Friday, July 28, 2023

Understanding the Comprehensive Context of the Second Amendment in 2A Court Cases: More than Just 27 Words


 

Related to a previous AmmoLand write-up about Judge Roger T. Benitez vigorously safeguarding the Second Amendment of the U.S. Constitution against various breaches enacted by the California administration, a commenter stated: 

Working hard.?? Isn't it just twenty-seven words?

"A well regulated Militia, being necessary to the security of a free State, the right of the people to keep and bear Arms, shall not be infringed."

This sentiment of exasperation is common among many Second Amendment supporters. Sometimes, their frustration is condensed into four words: … "shall not be infringed"!

A notable case in which a judge simply cited the Second Amendment was U.S. v Miller, brought to the Supreme Court in 1939 by the Roosevelt administration, known for its anti-Second Amendment stance, abetted by their anti-Second Amendment judge appointee, Heartsill Ragon.

The obstacle with merely uttering “What is it, like 27 words?’ or “Shall not be infringed” lies in the leftists' or progressives' core strength, which is the ability to manipulate language by insisting on their interpretations and definitions. Progressives' common counterargument to the Second Amendment is that it's a "collective right," not an individual one, or that "the people" refer solely to state governments or those individuals permitted to exercise the right through licenses and other measures.

The phrase “shall not be infringed” naturally raises the question: What shall not be infringed? The typical answer is: "The right to keep and bear arms."

Consequently, the question evolves to: What does the right of the people to keep and bear arms mean? You may believe you have the answer. As do Progressives. As does Senator Schumer. But remember, the Constitution is a legal document.

The practical approach to interpret the words of this legal document, the Constitution, is to understand what they signified to the parties who approved the document when it was first formulated and ratified.

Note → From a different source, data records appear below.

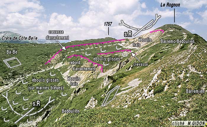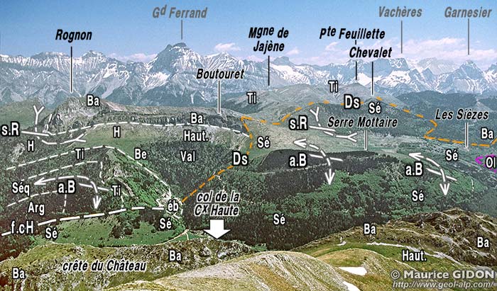 Ces reliefs de la partie tout-à-fait septentrionale du Bochaine se distinguent de ceux des pentes plus méridionales de la rive orientale de la vallée par l'absence du Sénonien. Ce dernier y a été complètement décapé par l'érosion quaternaire, sans doute parce qu'il y a été particulièrement surélevé : en effet on se trouve ici dans la partie la plus bombée du prolongement méridional de la large voûte anticlinale du "dôme de la Mure" (voir la page "Matheysine").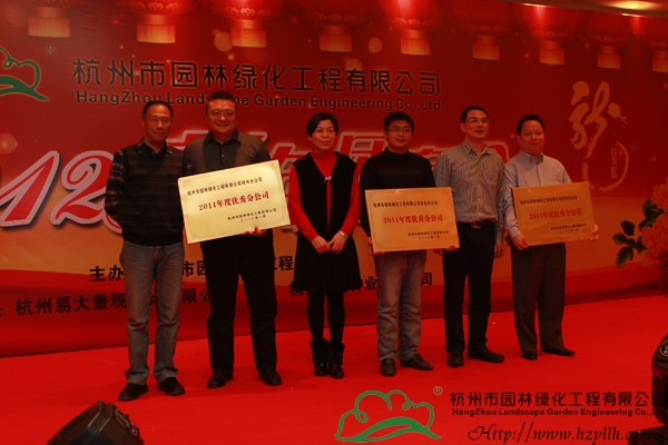 團(tuán)拜會的一個重要環(huán)節(jié)是表彰2011年度的先進(jìn)集體和先進(jìn)個人。人力資源部副經(jīng)理李穎新宣讀表彰文件之后,進(jìn)行了隆重的頒獎儀式,共頒發(fā)了優(yōu)秀分公司、優(yōu)秀市場拓展經(jīng)理、優(yōu)秀項目經(jīng)理、優(yōu)秀員工、新苗獎五個獎項,浙江省林業(yè)廳、杭州市林水局有關(guān)領(lǐng)導(dǎo),董事長吳光洪等為獲獎?wù)哳C發(fā)了證書和獎牌。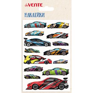 Наклейки мягкие "deVENTE. Спорткары" размер карточки 10x15 см, puff, объемные, многоразовые, в пластиковом пакете с блистерным подвесом.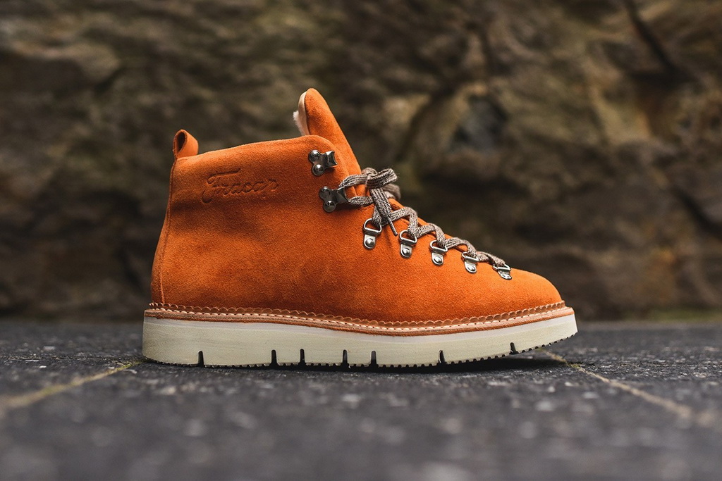 在继去年末的合作后,纽约设计师 Ronnie Fieg 再度与意大利鞋履品牌 Fracap 合作带来全新联名登山靴系列。设计风格与上两双靴款一致,全新的 RF-120 以橘色、黄棕和深蓝三色呈现,分别采用高档麂皮和意产皮革制作,在内里铺上柔软羊毛,搭配银色金属 D-ring 鞋带扣和 Vibram Flex 户外大底,并分别将 Ronnie Fieg 和 Fracap 的 Logo 低调点缀于鞋舌和鞋筒侧边。每双配色均限量不到 100 双,定价为 $275 美元,将于 10 月 28 日开始在 KITH 曼哈顿、布鲁克林、女装门店、Bergdorf Goodman 店铺和线上商店发售。  |
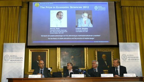Giải Nobel kinh tế năm nay được Viện Hàn lâm Khoa học Hoàng gia Thuỵ Điển trao cho hai nhà kinh tế người Mỹ là Alvin E. Roth (61 tuổi) của Đại học Harvard và Lloyd Shapley (89 tuổi) của UCLA cho nghiên cứu của họ trong việc gắn kết các dữ kiện kinh tế và các nhân tố trong nền kinh tế như sinh viên và trường học, người nhận nội tạng và người hiến nội tạng… một cách hiệu quả nhất.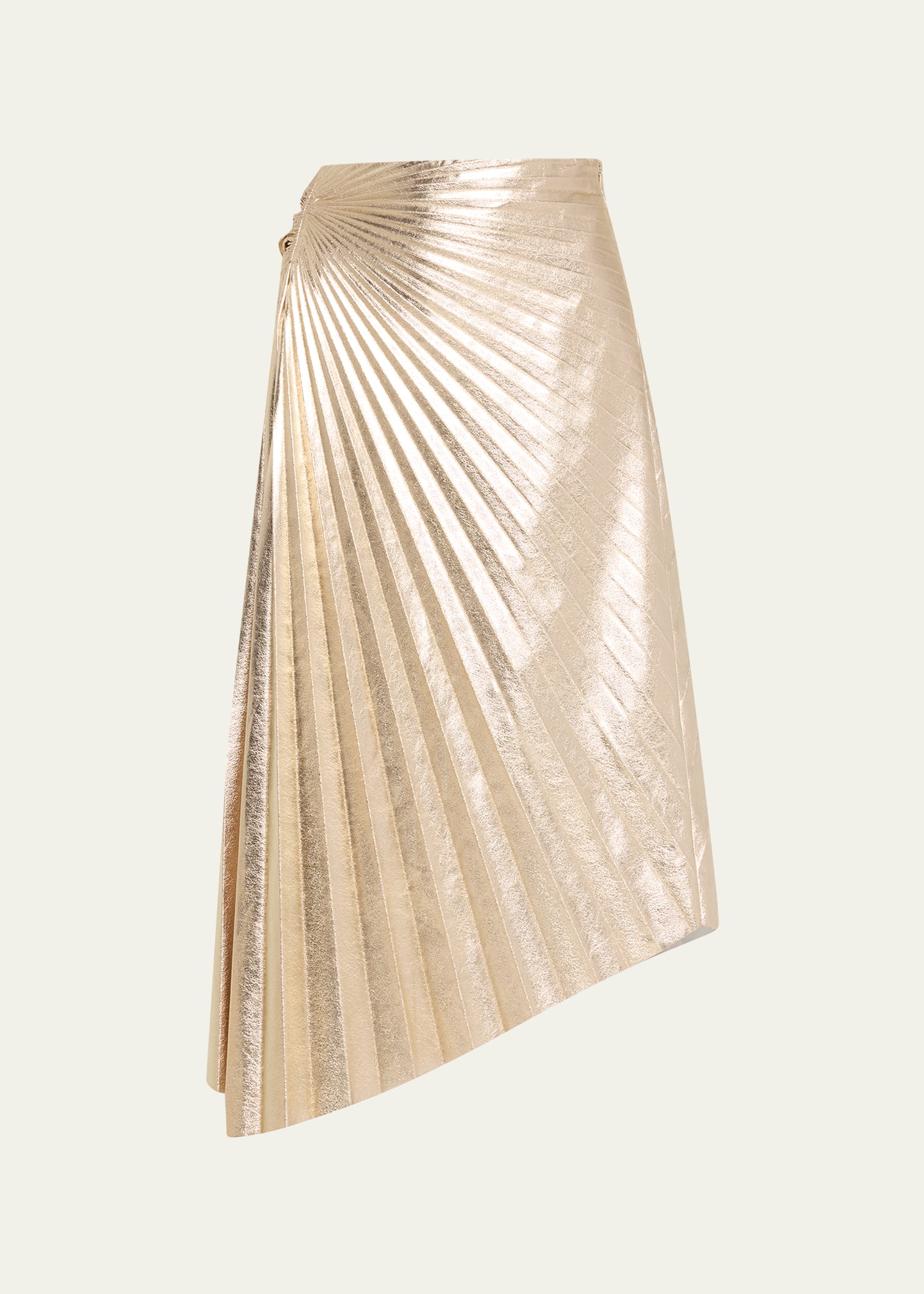 A.L.C. "Tori" midi skirt featuring a gathered waist detail and asymmetric hem in a pleated, metallic vegan leather Left side seam 28.5"; right side seam 36.25". Mid-rise A-line silhouette Hem falls below the knee Side zipper Polyurethane/polyester Spot clean Imported

This concept is known as originalism. It is the doctrine that currently prevails at the Supreme Court. For the better part of the last 90 years, the Supreme Court has predominantly followed the doctrine of a "living Constitution," stemming from Progressive ideology. The Progressives believe the Constitution should mean whatever enlightened judges decide it should mean, at the moment they rule, for the betterment of the nation (as long as the judges are Progressives). This ideology is fundamentally about enabling the government to act as it wishes or claims it needs to.

Now that the Supreme Court is reverting to originalism as the proper means to interpret the Constitution, the hundreds of pages of briefs on the Second Amendment's meaning all aim to demonstrate what the operative clause "the right of the people to keep and bear arms, shall not be infringed" signified at the time of ratification. There's a hint of what the prefatory clause "A well regulated militia, being necessary to the security of a free state" means. The debates about the militia clause are less intense because the prefatory clause doesn't restrict the operative clause, as understood at the time of ratification and in regular English construction.

Given that opponents are adept at contorting words and they control a majority of the media, universities, and significant influencers of popular culture, precision and care are needed in formulating arguments. This is where Judge Benitez shines with his logically sound and reasoned arguments.

It would indeed be an ideal scenario if those opposing an armed populace agreed on the definition of words, upheld logic and reason, and never lied or acted deceitfully. It would be fantastic if the dominant media could be trusted to report truthfully and without bias. However, the reality is that we can't count on the opponents of an armed populace to be honest, use common definitions appropriately, or report accurately.

Hence, more than just the 27 words of the Second Amendment or the four words "shall not be infringed" are required to argue the case in court. Expounding what the Second Amendment signified at the time of its ratification requires more than a few pages, especially when faced with adversaries who refuse to be bound by common definitions, logic, reason, ethics, or morals.